KNPT

Newport, Oregon; United States;
- Broadcast area: Central Oregon Coast
- Frequency: 1310 kHz
- Branding: Newstalk 1310

Programming
- Format: Silent
- Affiliations: ABC News Radio, Westwood One

Ownership
- Owner: Yaquina Bay Communications, Inc.
- Sister stations: KBCH, KCRF-FM, KNCU, KWDP, KYTE

History
- First air date: June 28, 1948
- Last air date: December 31, 2023 (75 years, 186 days)
- Call sign meaning: Newport

Technical information
- Facility ID: 9853
- Class: B
- Power: 5,000 watts day; 1,000 watts night;
- Transmitter coordinates: 44°37′40″N 123°59′15″W﻿ / ﻿44.62778°N 123.98750°W
- Translator(s): 98.3 K252EQ (Depoe Bay)

Links
- Webcast: Listen live
- Website: www.knptam.com

= KNPT =

KNPT (1310 AM, "Newstalk 1310") was a radio station broadcasting a news–talk format.

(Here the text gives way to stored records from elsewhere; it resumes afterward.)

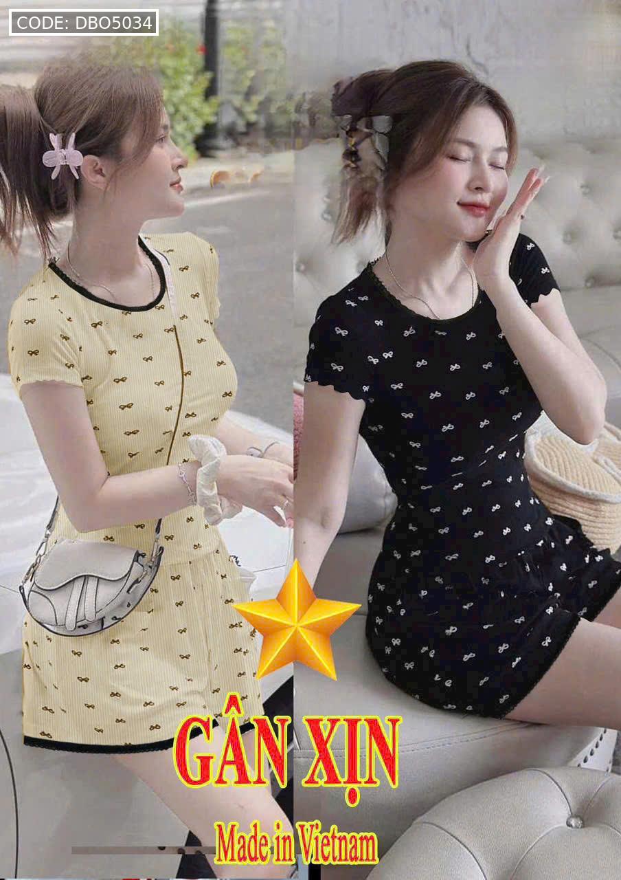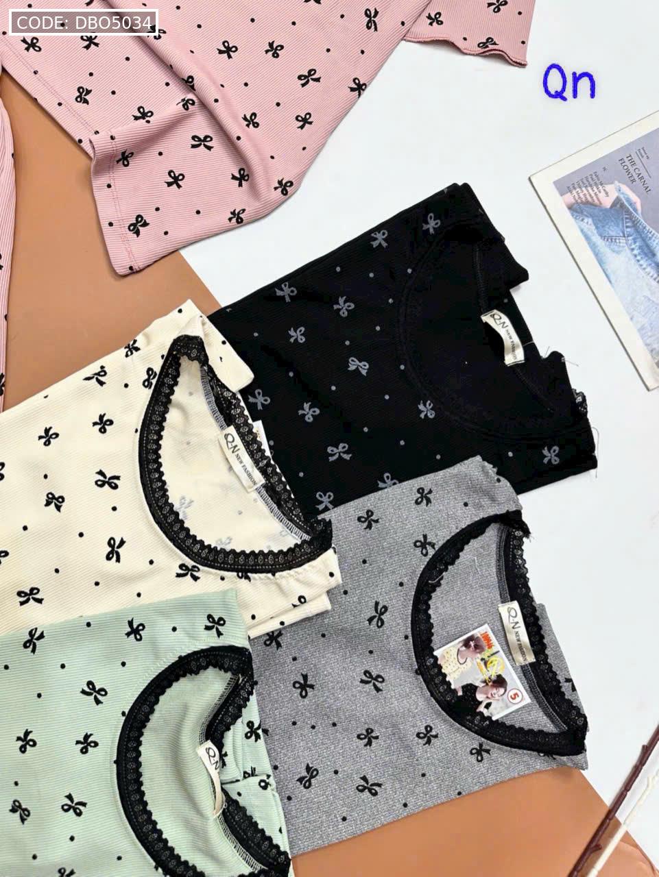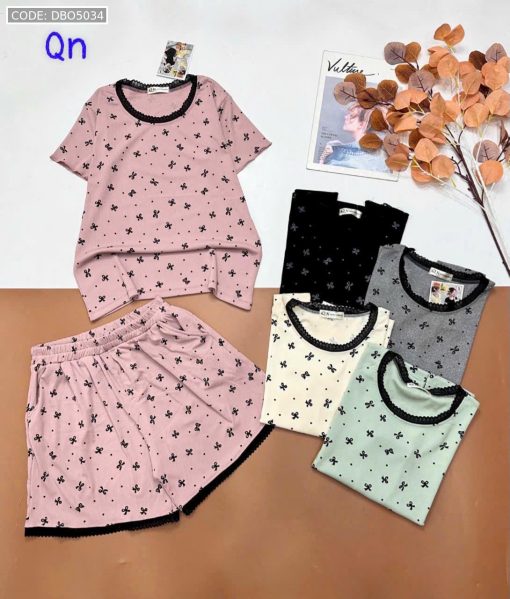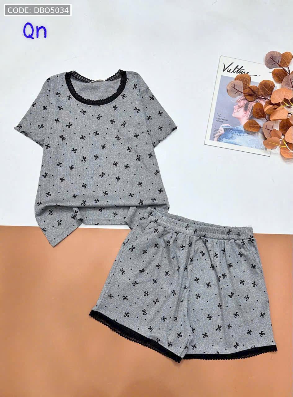 Đồ bộ quần đùi áo tay ngắn gân xin in nhiều nơ nhỏ
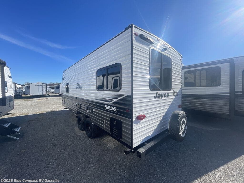 The Jayco Jay Flight SLX travel trailer is quite easy to own because it is lightweight for an easier towing experience. Built on a fully integrated A-frame with galvanized-steel, impact-resistant wheel wells, the Jay Flight SLX has quality at its very foundation. That quality continues on to the electric self-adjusting brakes, easy-lube hubs, Magnum Truss roof system, and LP quick connect. Some of what the mandatory Customer Value Package includes backup camera prep, Keyed-Alike entry and baggage doors, marine grade exterior speakers, and an on-demand tankless water heater. The optional STX Edition for Indiana built units only and the optional Baja Package built for Idaho units only includes Goodyear off-road tires, an enclosed underbelly, a deluxe graphics package, and a wide-stance axle to name a few features.
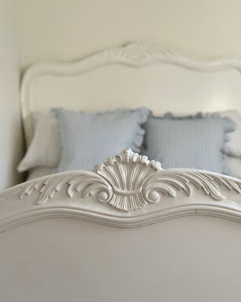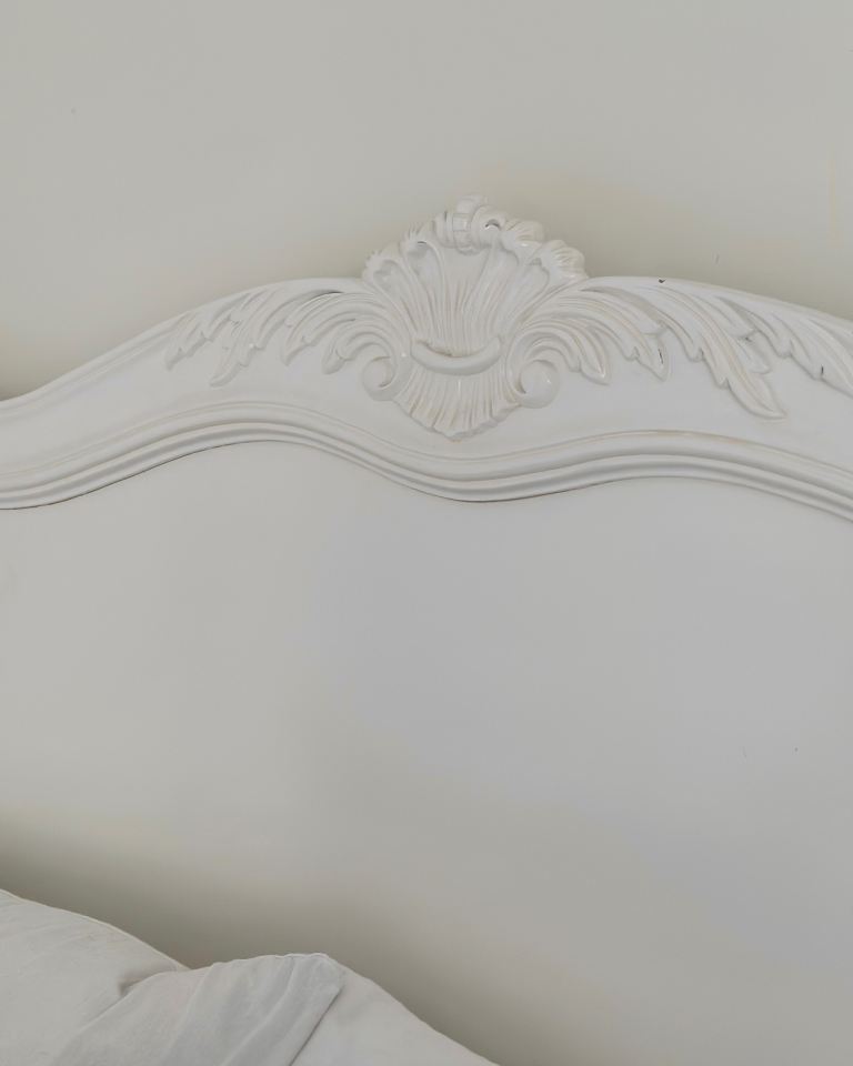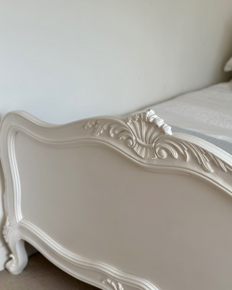 Beautiful French style double bed frame in cream/ivory with elegant carved detailing on both the headboard and footboard.

Licensed to Newport, Oregon, United States, the station was owned by Yaquina Bay Communications, Inc., and featured programming from ABC News Radio and Westwood One.

==History==
KNPT signed on June 28, 1948, and was first licensed on February 2, 1949. Thomas R. Becker's Yaquina Radio sold the station and KNPT-FM 102.5 to Charmar Broadcasting (led by Charles F. King, a former general sales manager for KPAM-AM-FM in Portland) for $1 million in 1979. David Miller's Yaquina Bay Communications bought KNPT and KYTE (102.7; the former KNPT-FM) from Central Coast Broadcasting for $331,798.12 in 1995.

KNPT, along with its sister stations (KNCU in Newport, KBCH and KCRF-FM in Lincoln City, and KWDP in Waldport), shut down on December 31, 2023. (Note: KYTE, by then reallocated to Independence, had lost its license earlier in the year for operating at an unauthorized location for over three years.) The closure followed the August foreclosure of the stations' studios, which were sold to Oregon Coast Bank in a sheriff's sale on December 5. The Federal Communications Commission cancelled the station’s license on January 8, 2025.